Canadian ice hockey player

Mike Card (born February 18, 1986, in Kitchener, Ontario) is a former professional ice hockey defenceman who last played for Ravensburg Towerstars. He played Junior A hockey in the BCHL at the age of 15 before 4 seasons with the Kelowna Rockets of the WHL, winning 2 WHL titles and the 2004 Memorial Cup.
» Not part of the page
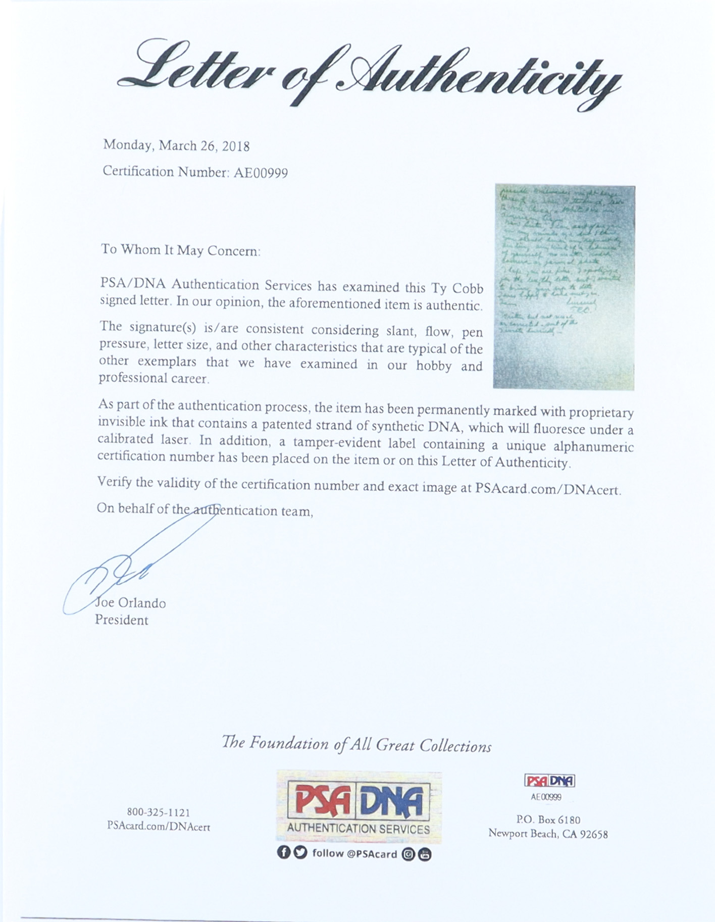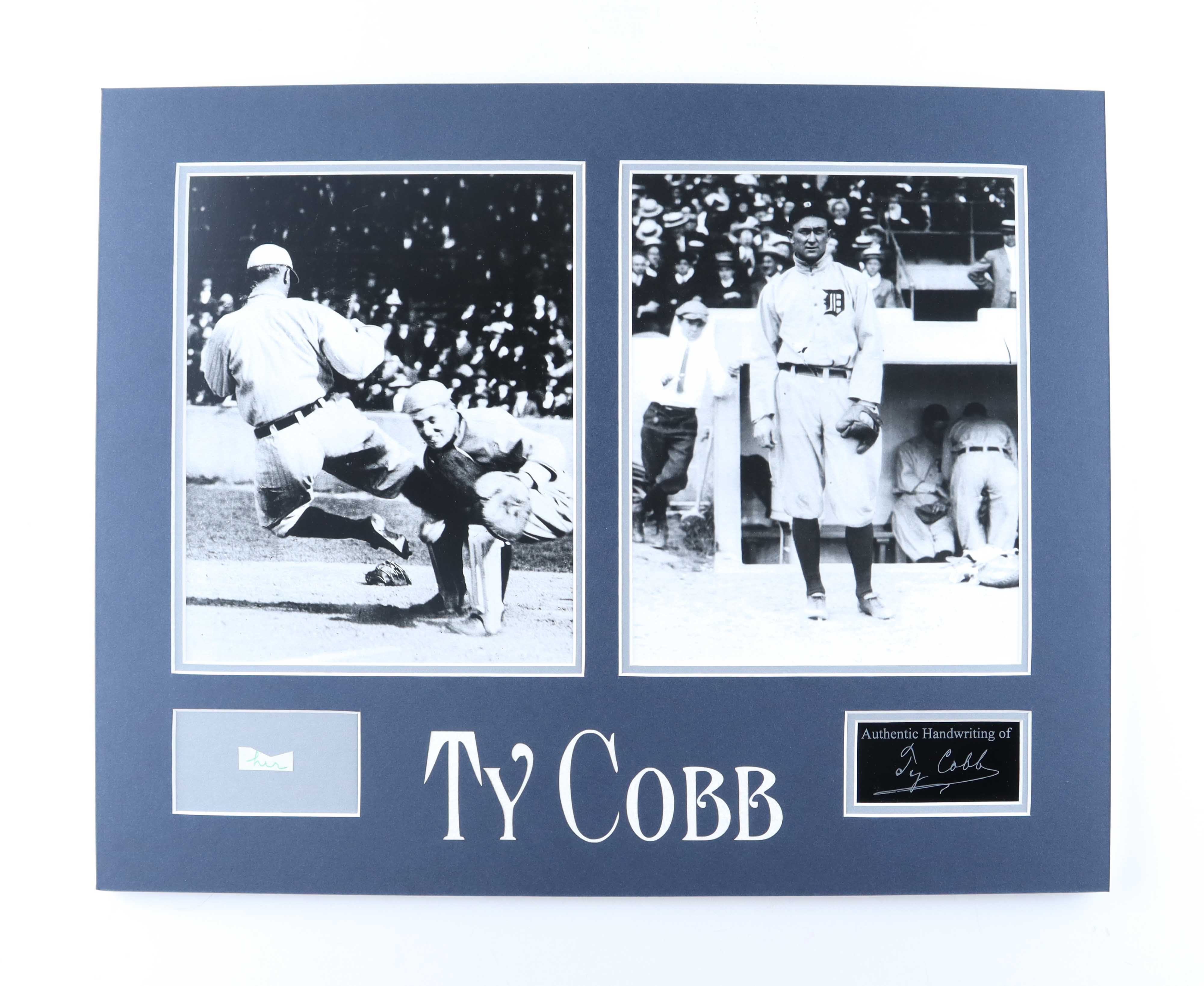 Ty Cobb Hand-Written Tigers Custom Matted Cut Display (PSA)
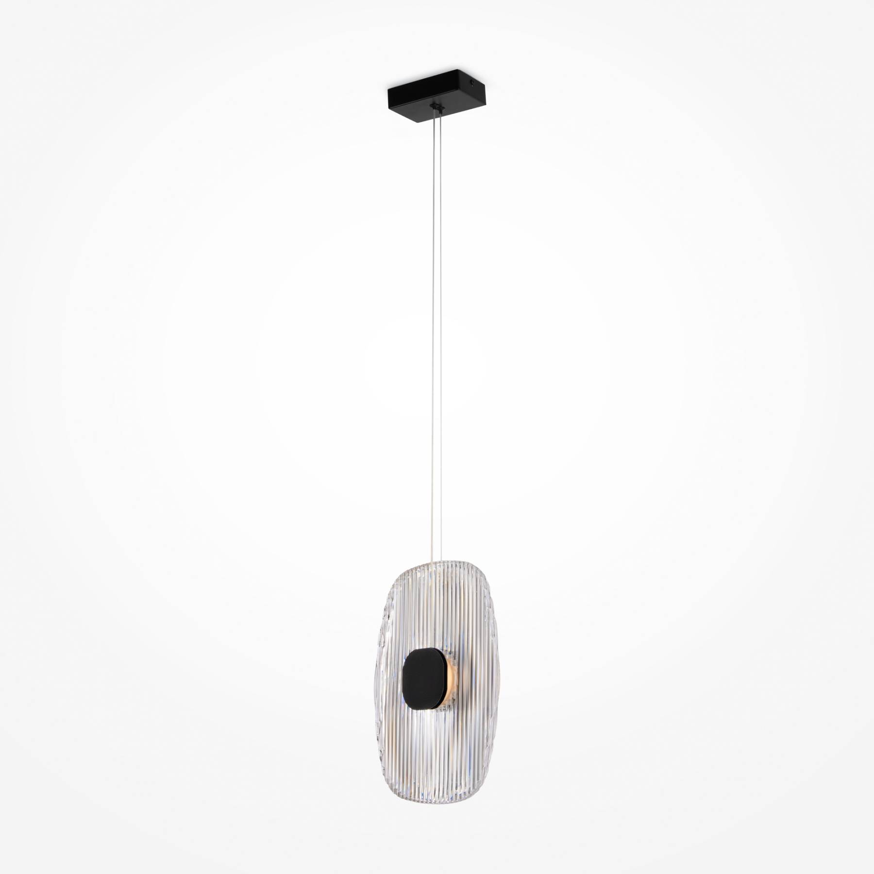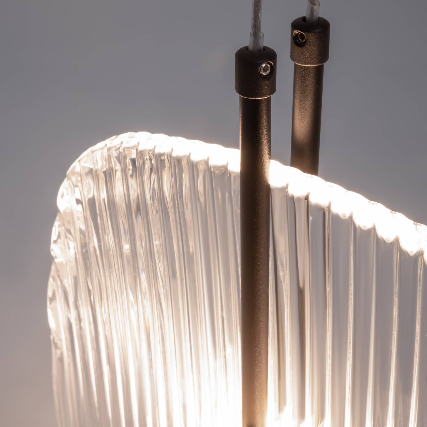 Металлическая арматура. Цвет – матовый черный. Декор – литое стекло. Фактурный орнамент. Высота подвесного светильника регулируется. LED-источник света.

Card signed a contract with the Buffalo Sabres, NHL in 2006 and played 4 games that season. He spent 3 seasons in the AHL, missing extended time due to concussion problems. Card has played the last 8 seasons in Europe, mostly Germany, recently winning a championship with Löwen Frankfurt.

==Playing career==
Card was drafted in the eighth round, 241st overall, by the Buffalo Sabres in the 2004 NHL entry draft. After moving from Kitchener, Ontario to Penticton, British Columbia in his youth he played in the Western Hockey League with the Kelowna Rockets After playing four seasons with the Rockets, winning one Memorial Cup, Card made his professional debut with the Sabres' American Hockey League affiliate, the Rochester Americans, in the 2006–07 season. He played in four NHL games with the Sabres during the same season.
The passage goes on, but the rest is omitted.